■ドキュメンタリー映像作品『四季 遊牧 〜ツェルゲルの人々〜』鑑賞記 | 「四季 遊牧」資料

 

 

 モンゴルはかねてから訪ねたい国のひとつである。

 いつであったかもうだいぶ以前、偶然入った山梨の美術館で内モンゴル出身のアーティストの現代画展を見た。灰色の家畜の群を貫いて、大地からオーラが天に昇っていた。五木寛之氏の小説『風の国』も、正史より封殺された日本の漂泊民を描いたものだが、あれもまたこの国の闇に蠢く遊牧民=ノマドの幻影だったかも知れない。

 かつて差別に関する小論で引いた、民俗学者・赤坂憲雄氏の短い一節をまたここでも引用しておく。

 

〈異人〉とはくりかえすが、共同体とその外部の〈交通〉にまつわる物語である。内部/外部という強迫的な二元論に呪縛されていない、たとえば狩猟採集を基調とする遊牧民にあっては、この物語はまったく異質な貌をしているにちがいない。世界の中心をたえず移ろいずらしてゆく、したがって、閉ざされた円環によって世界=宇宙を静態的(スタテイツク) に認識することを知らない遊牧民(ノマド) にとって、強迫的な〈異人〉表象=産出のメカニズムも無縁であったかもしれない。

 

 そしてまた“反語”として、今年の初め頃に新聞の対談記事に載っていた音楽家・坂本龍一氏のつぎのような言葉。

 

 モンゴルに行ったのは単純に風土や人間の暮らしぶりを見たかったからなんです。実際に行ってみて驚いたのは、モンゴルの草原は、日本語の「草原」という響きとは違うということ。砂漠にチョロチョロと草が生えている感じです。土壌が貧しく、乾燥している。あの土壌では人間が食べられる穀物は勝手に生えてはこない。だから、羊や牛などの家畜に食べさせて、その家畜を人間が食べる。羊はすぐ草を食べ尽くしてしまうので、移動が必要になる。資源が少ないところでの共生。土壌微生物もものすごく少ないから、耕作をしない、掘り返さないというルールが徹底した。

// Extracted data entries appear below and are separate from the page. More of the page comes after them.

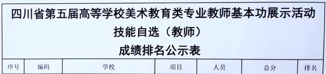 在四川省教育厅主办的四川省第五届高等学校美术教育专业教师基本功展示暨四川省第七届高校美术教育专业大学生基本功展示活动中,我校荣获一等奖2项,二等奖4项,三等奖2项。
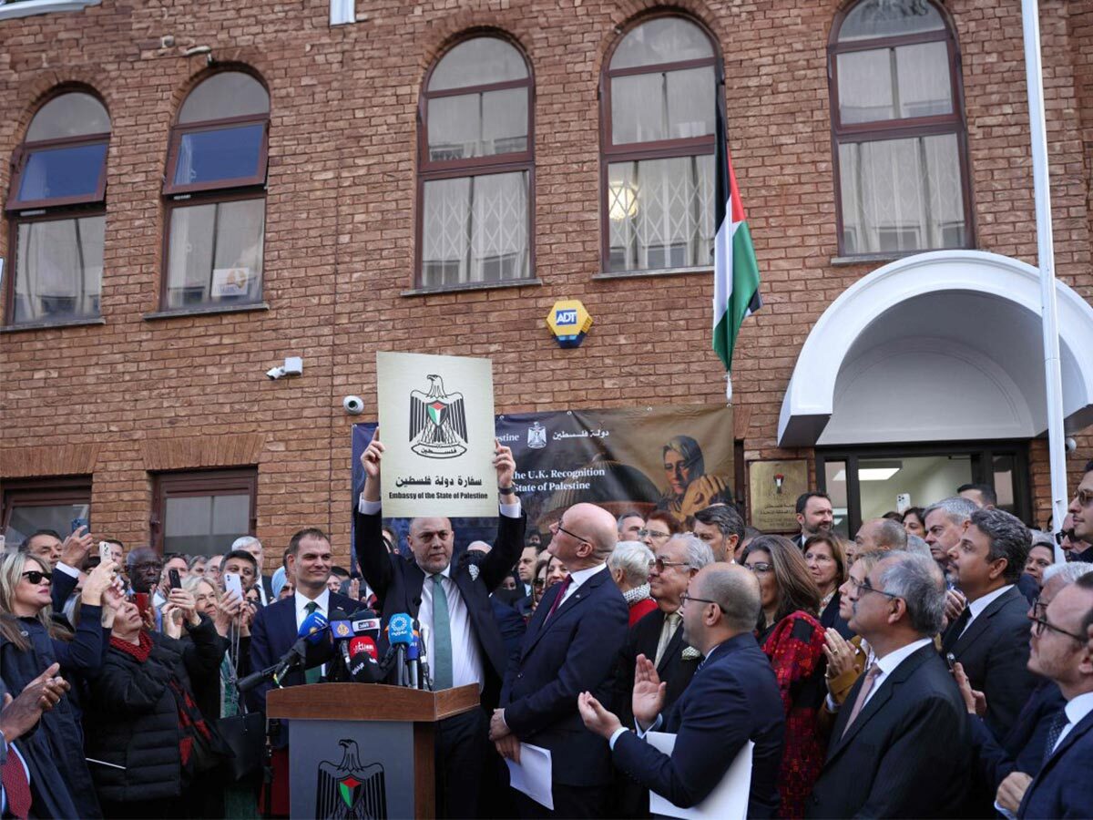 Tokom zvanične ceremonije, palestinski ambasador je otkrio ploču s natpisom "Ambasada Države Palestine", koja je postavljena na fasadi zgrade koja se nalazi u četvrti Hammersmith u zapadnom Londonu, u simboličnoj sceni koja odražava prelazak palestinskog predstavništva iz diplomatske misije u punopravnu ambasadu.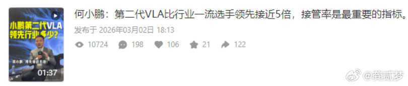 昨天何小鹏专访上的小视频火了,主要原因就是大师兄说了句:第二代VLA比行业一流选手领先接近5倍。有些人一听到这个,急了,受不了了,开骂了。问题是前面大师兄也有一句“通过内部的比较策略”,后面还给出了相关的标准......

 生態的にいうと宇宙基地モデル。資源が少なく、閉鎖系の土地ですべてが循環する。唯一の開放系は太陽からのエネルギーだけ。どこかに一つでもミスがあると死んでしまう。実は地球自体もそうなんです。宇宙基地と変わらない。かなりぎりぎりの共生系をやっているわけです。

 

*

 

 のべ8時間近く、昼と夜のお弁当二つをはさんだ一日がかりの上映会のことはちらちらと耳に入っていた。しかもそれがモンゴルの遊牧民の生活を追った記録映像というのだから食指は動く。大阪での上映会のパンフを手に入れたが、その時はすでに予約が満席で残念ながら見送り、五月の末にようやく神戸での上映会の席を取ることが出来た。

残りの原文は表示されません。